* [Prompt]: Return verbatim the lines that run from the one holding "bajo su responsabilidad." to the end of the listing, both ends included, without the pictures.

* [Raw data]:

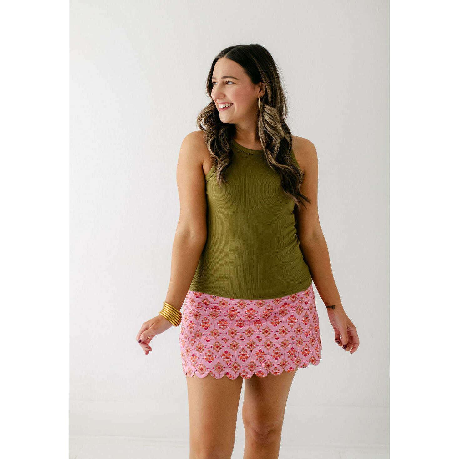 The Karlie Olive Ribbed Tank is a must-have piece that combines comfort and style effortlessly. Its flattering ribbed texture adds subtle detail, making it perfect for pairing with the Karlie London Floral Scallop Kourt skort for a complete, chic outfit. Elevate your look with this versatile tank that’s as cute as it is comfortable.
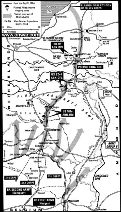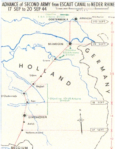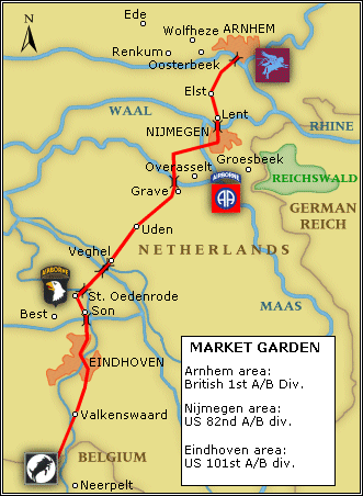 • 101ª DA USA. Los hombres de Taylor debian de lanzarse al norte de Eindhoven, y rapidamente ese mismo dia despejar la ruta Eindhoven-Son-S,Oedenrode-Veghel. En el camino debian tomar y asegurar el puente sobre el Canal de Wilhelmina, cerca de Son, el puente sobre el rio Dommel, en San Oendenrode, y los puentes sobre el canal Willen y el rio AA, en la ciudad de Veghel. Al caer la noche, avanzarian sobre Eindhoven, que se preveia débilmente defendido. Browning, en un principio, ordeno a Taylor despejar la carretera hasta Grave,casi 70 kmt , pero Taylor protesto, siendo apoyado por Dempsey, y dejando al final un tramo de 20 Kmt. bajo su responsabilidad.
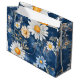 Una deliciosa bolsa de regalo floral. En este diseño floral predominan el blues, el blanco y el amarillo. Perfecto para el Día de la Madre, cumpleaños, duchas para bebés.

* [Answer below]:
 • 101ª DA USA. Los hombres de Taylor debian de lanzarse al norte de Eindhoven, y rapidamente ese mismo dia despejar la ruta Eindhoven-Son-S,Oedenrode-Veghel. En el camino debian tomar y asegurar el puente sobre el Canal de Wilhelmina, cerca de Son, el puente sobre el rio Dommel, en San Oendenrode, y los puentes sobre el canal Willen y el rio AA, en la ciudad de Veghel. Al caer la noche, avanzarian sobre Eindhoven, que se preveia débilmente defendido. Browning, en un principio, ordeno a Taylor despejar la carretera hasta Grave,casi 70 kmt , pero Taylor protesto, siendo apoyado por Dempsey, y dejando al final un tramo de 20 Kmt. bajo su responsabilidad.
 Una deliciosa bolsa de regalo floral. En este diseño floral predominan el blues, el blanco y el amarillo. Perfecto para el Día de la Madre, cumpleaños, duchas para bebés.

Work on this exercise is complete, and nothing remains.